Allie lifted her face from between Susanna’s legs, wiped her mouth with the back of her hand, and gripped Susanna’s forearm. Susanna slid off the bed and onto her knees, a blur of loose white flesh. She wrapped a towel around herself, a butt cheek exposed, and hurried into the hall.

A few minutes later, Allie heard retching in the bathroom next door. Then the sound of water running through pipes. Then more retching.

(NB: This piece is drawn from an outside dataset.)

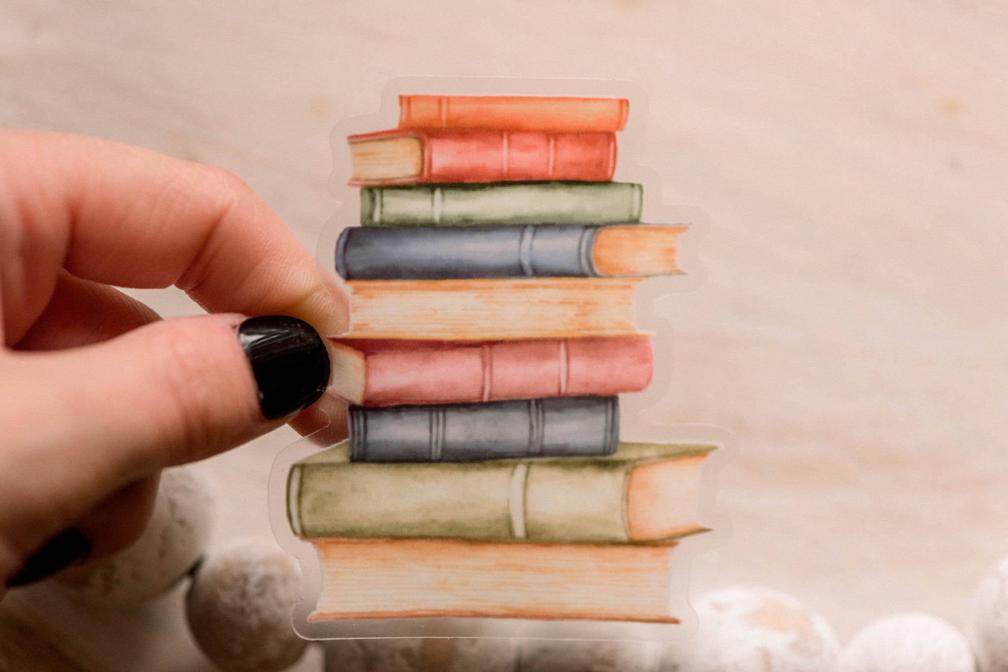 Stack Of Books, Clear Vinyl Sticker, 3in.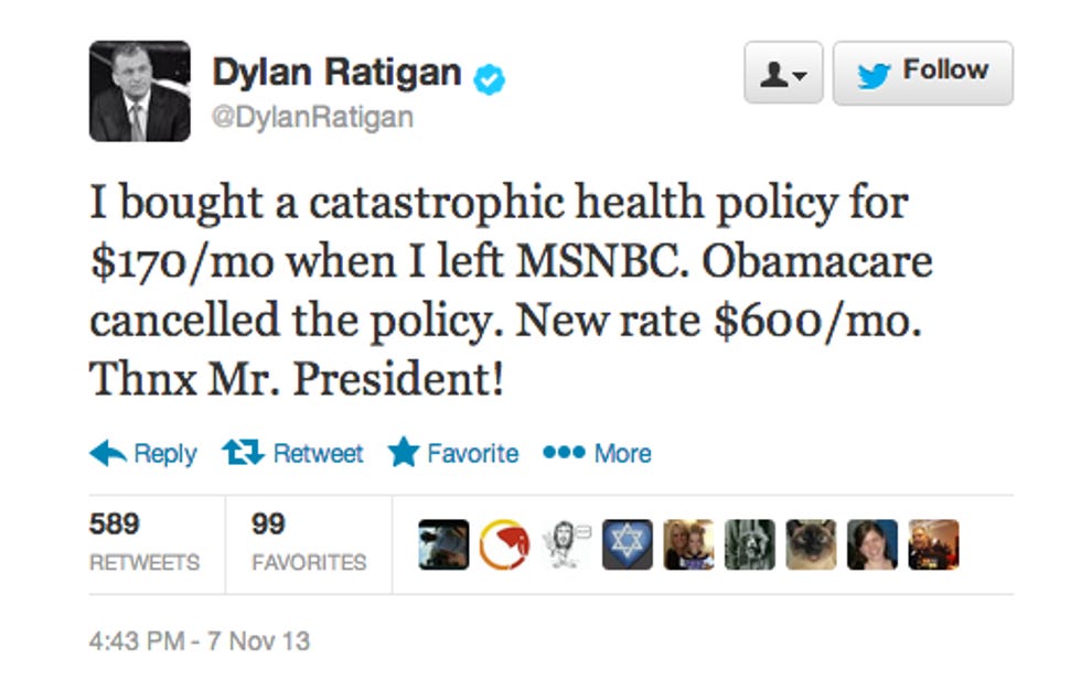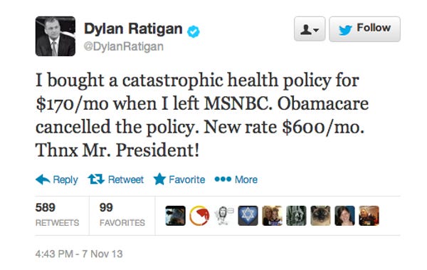 Git out yer pitchforks, socialist dictator Barack Obama is redistributin' yer wealth by making former millionaire MSNBC personality Dylan Ratigan pay AN EXTRA FOUR THOUSAND DOLLARS A YEAR for health insurance, because the old one he bought -- his $170 per month catastrophic "insurance" -- done been canceled. (And who canceled it, according to Dylan Ratigan? OBAMACARE CANCELLED IT, case closed!)

Should she go in there? What could she do, really? Susanna had thrown up so many times with this baby.
My baby,
Allie thought, and then,
our baby.
It was part of the day’s routine, Susanna running to the bathroom to puke.

Allie lay on the bed and listened for more of the moans she’d heard earlier from down the hall, hoping (she surprised herself) that Tiffany and her man had gone for another round. But there was only Susanna’s heaving, Levi’s snoring, and Dash’s even breathing. The sounds of family.

She rolled onto her stomach, slipped her hand under her hips, and touched herself, rubbing in circles, the way she had always liked it, her face pressed into a pillow. She imagined Tiffany, one breast loosed from a diaphanous gown, her stare coy but inviting. Like Drost’s
Bathsheba,
whose eyes, Allie had thought on her first trip to the Louvre, shone with desire. She held her breath when she came. Levi mumbled. Dash’s hand crawled around his head until he found his pacifier.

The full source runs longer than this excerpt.